But her confidence faltered on a strange realization. The room had been rearranged. Where her son had been, there was now another baby and another mother. This mother was familiar to Lila. She was the woman who had stopped Lila in the hall, the woman who had looked directly at Lila and said the words I felt so sorry for you. Yesterday, Lila had not been able to see this woman, she had heard those words through a scrim of vague recognition. Now she saw her anew, the curtain of golden-brown hair framing her handsome features, falling over a vaguely ethnic woven cloth. The elegant way her body encircled the baby. The cloth reminded Lila of a video she’d watched in birth class, in which a Mexican midwife gives birth painlessly in a blue-tiled bathtub after a walk through the jungle with her sculptor husband. Lila tried to make a connection between cultural appropriation and the infantilization of women by the Western medical establishment, but her thoughts were scattered by rage. Was it the memory or the other mother’s posture that enraged her? The woman was so still, so serious, so enraptured and protective, Lila knew with an inner howl that her own mother had never been so competent in love, that she herself was unprepared to love so well.

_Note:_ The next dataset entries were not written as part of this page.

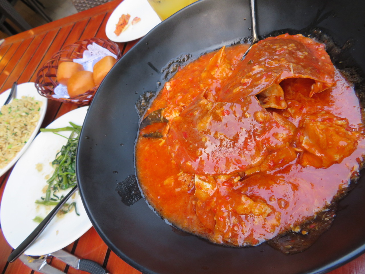 そして、肝心のチリクラブのオーダーの仕方なのですが、店員さんにアドバイス(英語)をして貰いながら、2人で食べれる位の小さいサイズを強調する程度で、重さとか時価とかピンときません。一杯約SGD80前後と見積もりオーダー。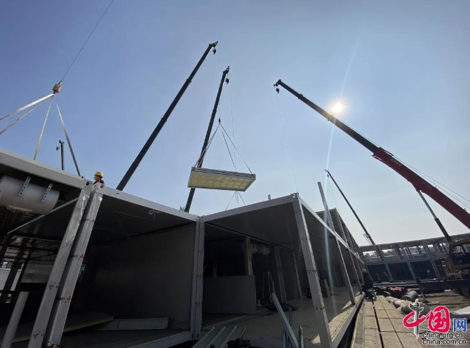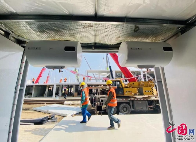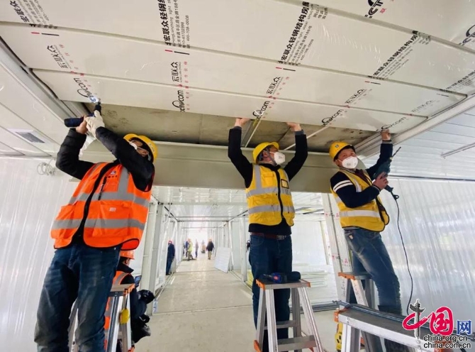 二号住院楼板房搭设完成85%,内部机电设备安装工序全面展开
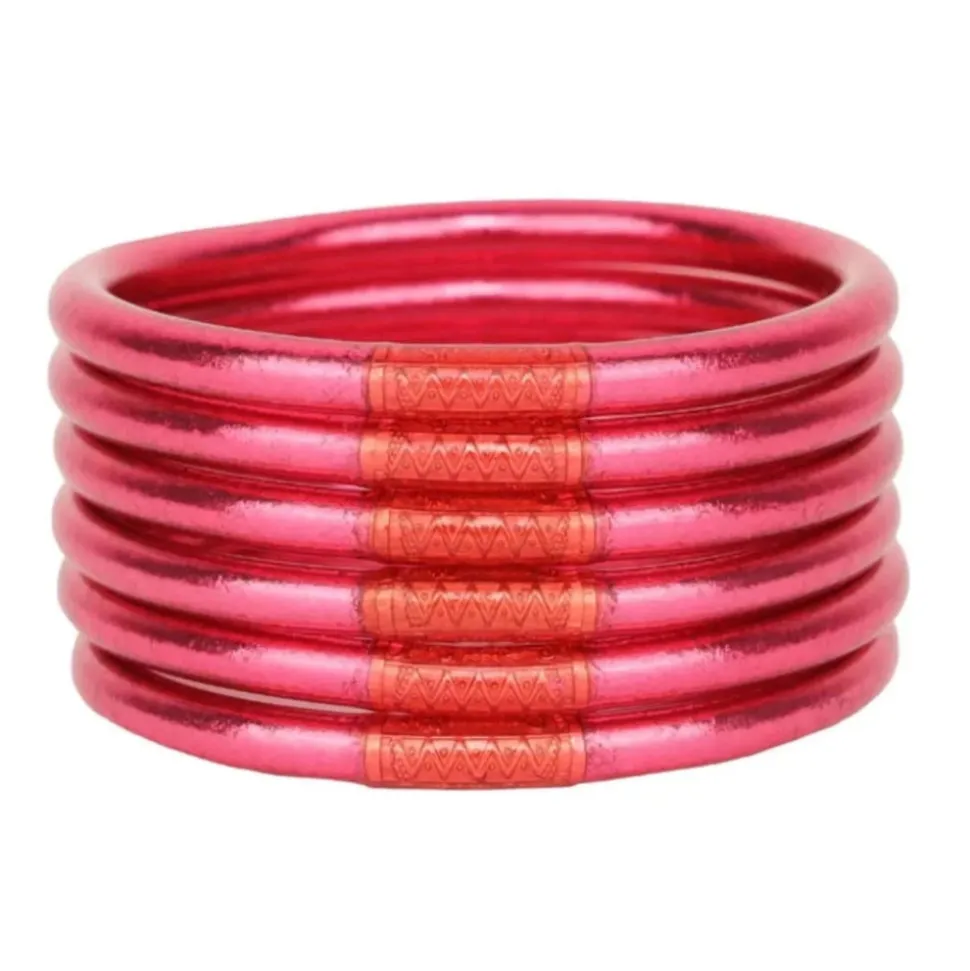 BDG Pink All Weather Bangles® (AWB®)! Our crazy-pretty peony pink bangle bracelets are fabulous as a bold fashion statement a la Schiaparelli or Saint Laurent. These amazing bangles are weightless, soundless, waterproof and TSA proof. Each of the six pink bangle bracelets in the set is meant to represent an intention for your day. As you put them on, affirm your intentions in the morning, and when you remove them in the evening, fill yourself with thoughts of gratefulness. This daily ritual will settle your mind at the beginning and end of each day. Pink All Weather Bangles are made of flexible, polyvinyl carbonate rings that are filled with gold leaf filament and sealed with our exclusive BuDhaGirl Serenity Prayer bead. This unique, non-metal material allows you to go from the pool, to the office, and through the airport all without needing to take them off.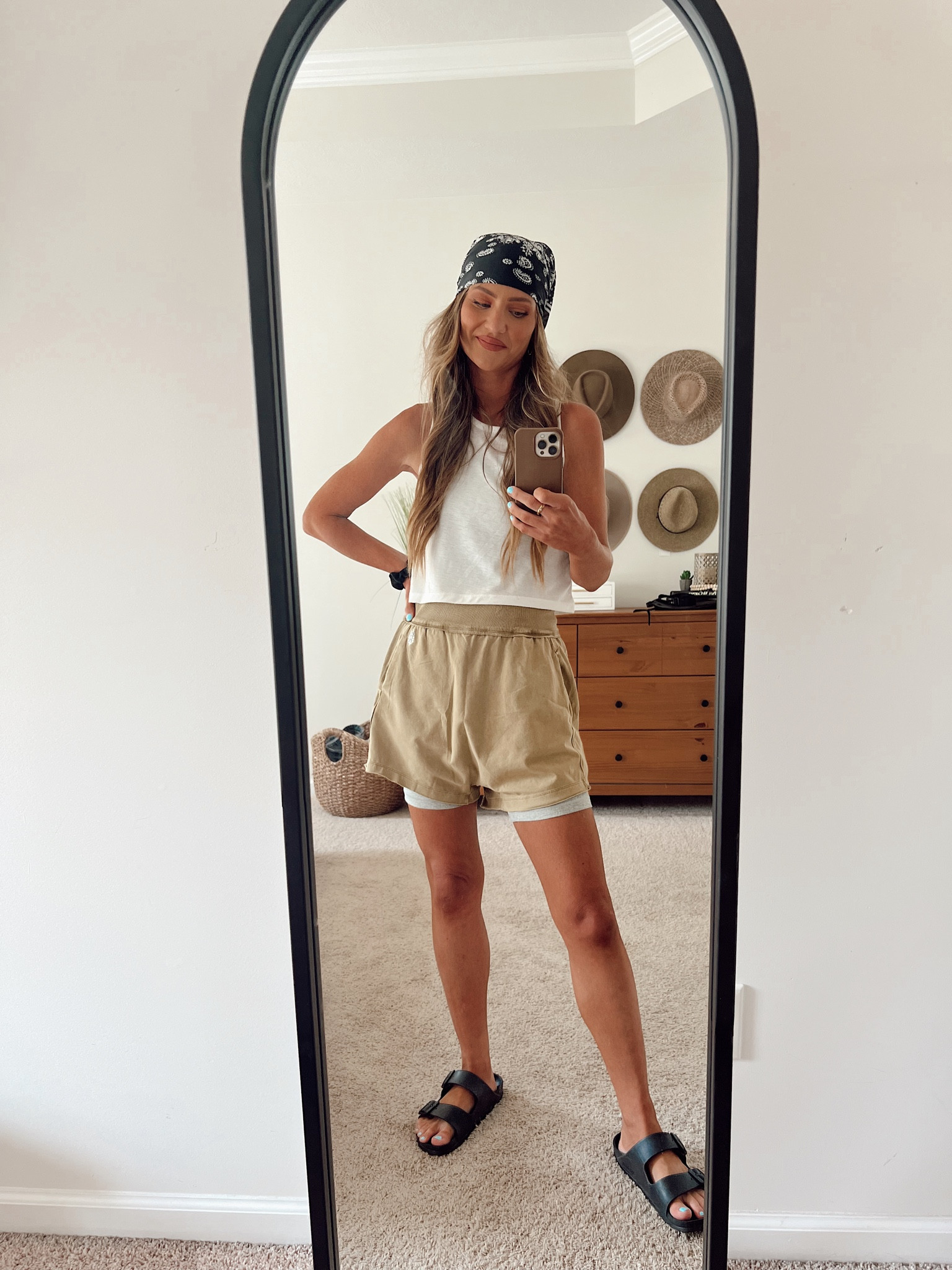 The outfit exudes a casual yet chic vibe with a well-fitted pastel crop top that complements the neutral-toned shorts, creating a balanced and streamlined silhouette. Additionally, the attire is perfectly suited for outdoor activities, offering both comfort and style.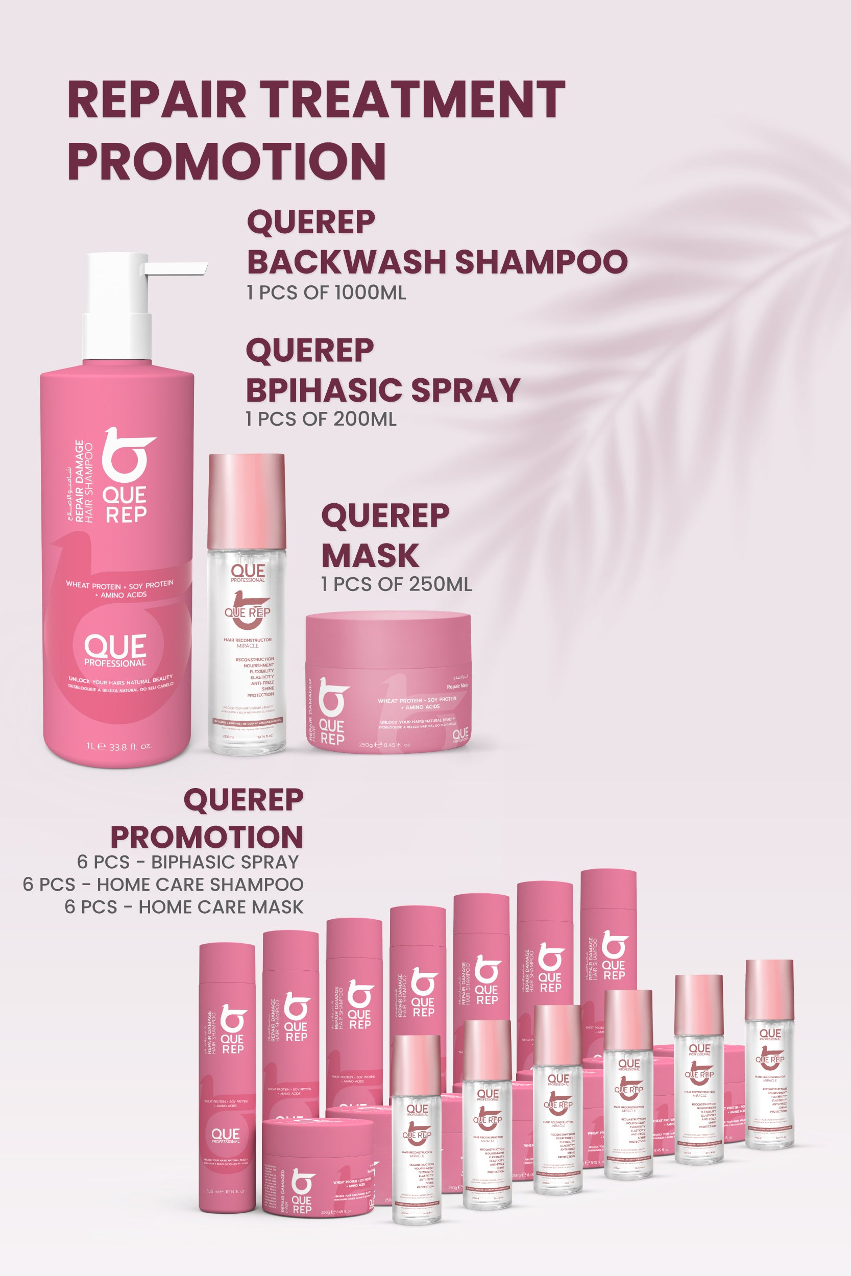 استعيدي شعركِ التالف مع مجموعة QUEREP Repair Treatment Premium! بسعر 699.00 درهمًا إماراتيًا، تتضمن هذه المجموعة شامبو QUEREO سعة 1000 مل، وقناع QUEREP سعة 250 مل، وبخاخ QUEREP Miracle Spray، و6 أنواع شامبو QUEREP للعناية المنزلية سعة 300 مل، و6 أقنعة منزلية سعة 250 مل، مما يجعلها مثالية للاستخدام المهني والمنزلي.

The woman looked up—their eyes met. Lila had been bloodless, watery, chilled from within, but in a dizzying instant, she was filled with heat. She was determined not to break eye contact with this woman. To look away first would be weak, would erase this morning’s triumphant graduation from the wheelchair. But Lila soon succumbed, lowered her eyes, concentrated on the place where her feet touched the floor.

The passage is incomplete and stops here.